By Harry Mathias, Community Giving Foundation regional board chair

I am currently serving my third year as chair of the Community Giving Foundation’s regional board. It is an incredible honor to serve in such a role for an organization dedicated to providing for the needs of the region I love. When I took this leadership role in January 2024, I wanted to apply metrics to measure the success of our Foundation. With roughly $70 million in assets at that time, the board set a goal of reaching $100 million and put in place sound practices and resources to make that happen.

Community Giving Foundation recently reached that milestone. People have asked me why goal setting—and that milestone in particular—was so important.

Reaching $100 million in assets creates value far beyond the headline number. In practical terms, it signals long-term strength, credibility, and the ability to serve our five-and-a-half county region at a much larger scale.
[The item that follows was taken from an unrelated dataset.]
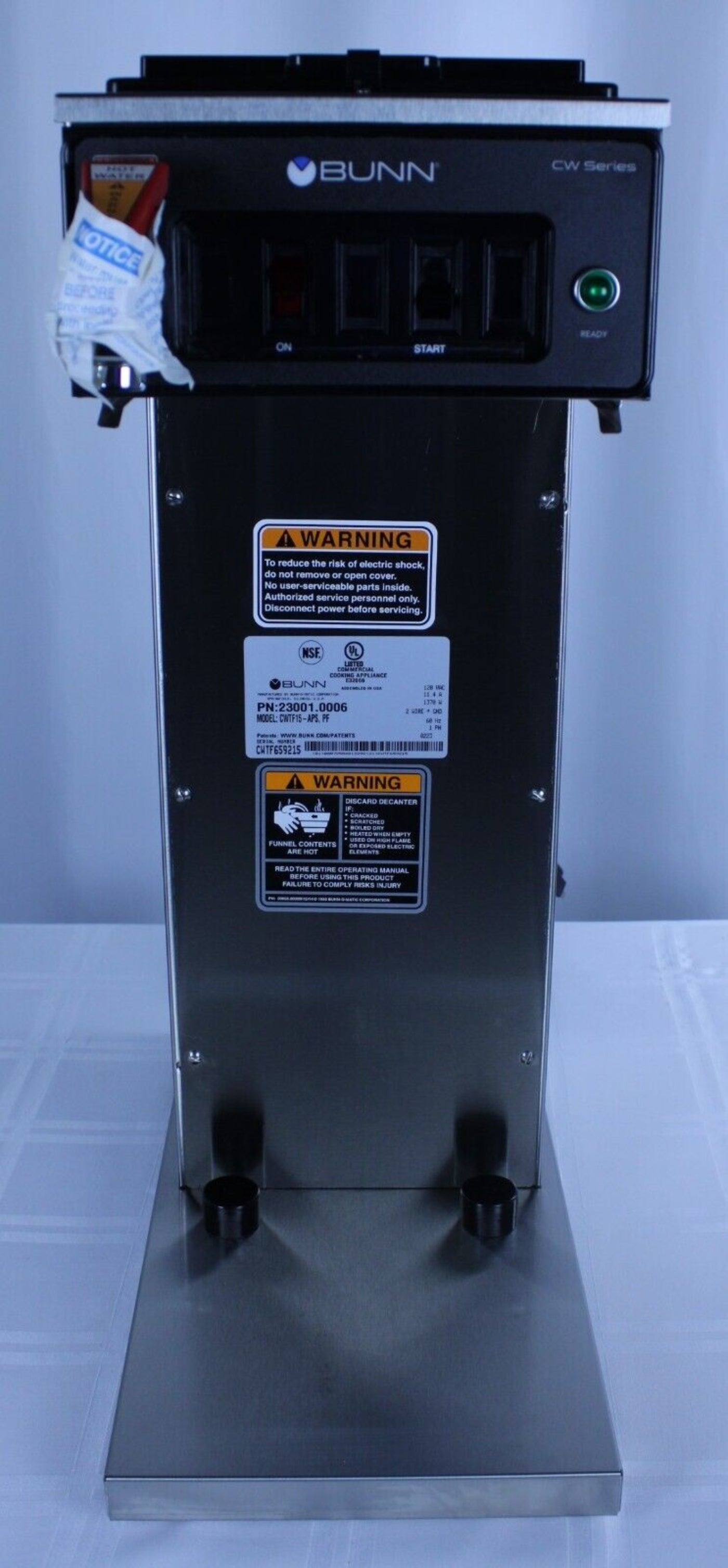 The Bunn CWTF15-1 is NSF and UL listed, meeting rigorous standards for safety and sanitation in commercial foodservice equipment.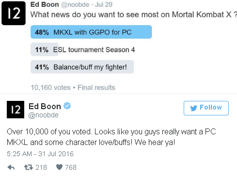 На своем канале в твиттере в конце июля Эд Бун (Ed Boon) опубликовал статистику последнего опроса, в котором игроков спрашивали о том, какую бы новость об игре они хотели видеть больше всего. И почти половина опрошенных геймеров выступила за релиз полного издания Mortal Kombat XL на PC с технологией GGPO, которая позволила бы играть без лагов.

Here are several reasons why the Foundation’s $100 million asset milestone matters:

  1. Long-term community permanence: The Foundation is built to serve both current and future needs. “In perpetuity” is a term we often use to describe our philosophy. Reaching $100 million shows that the Foundation has become a durable institution with resources to support the region for generations.
  2. Greater annual grantmaking capacity: A larger asset base can generate more investment income and support more grants each year. For example, if the Foundation distributes 4.5% from its endowments annually—which it has, the past several years—$100 million could support $4-5 million in community grants each year, depending on policies and market performance.
  3. Stronger donor confidence: Asset size can increase credibility. Individuals, families, businesses, and estates can feel confident giving to a community foundation that has demonstrated sound stewardship, investment discipline, and community trust.
  4. Growing flexible response to local needs: Larger assets often mean more unrestricted or field of interest funds, which can help the Foundation respond to emerging challenges such as housing, food insecurity, disaster recovery, funding cuts, workforce development, and nonprofit sustainability.
  5. Increased leadership role: At $100 million, the Foundation can more easily expand its mission from just grantmaking to a community convener and strategic investor. Opportunities to connect nonprofits, government, schools, businesses, and donors together around shared priorities continue to grow.
  6. Supporting larger initiatives: Larger assets mean more flexibility and opportunities to grow multi-year grant initiatives, matching grant opportunities, capacity-building programs, scholarships, and regional transformation efforts.
  7. Economies of scale: As assets grow, the Foundation can operate more efficiently, allowing a greater share of every dollar to support the people, programs, and priorities that strengthen our communities.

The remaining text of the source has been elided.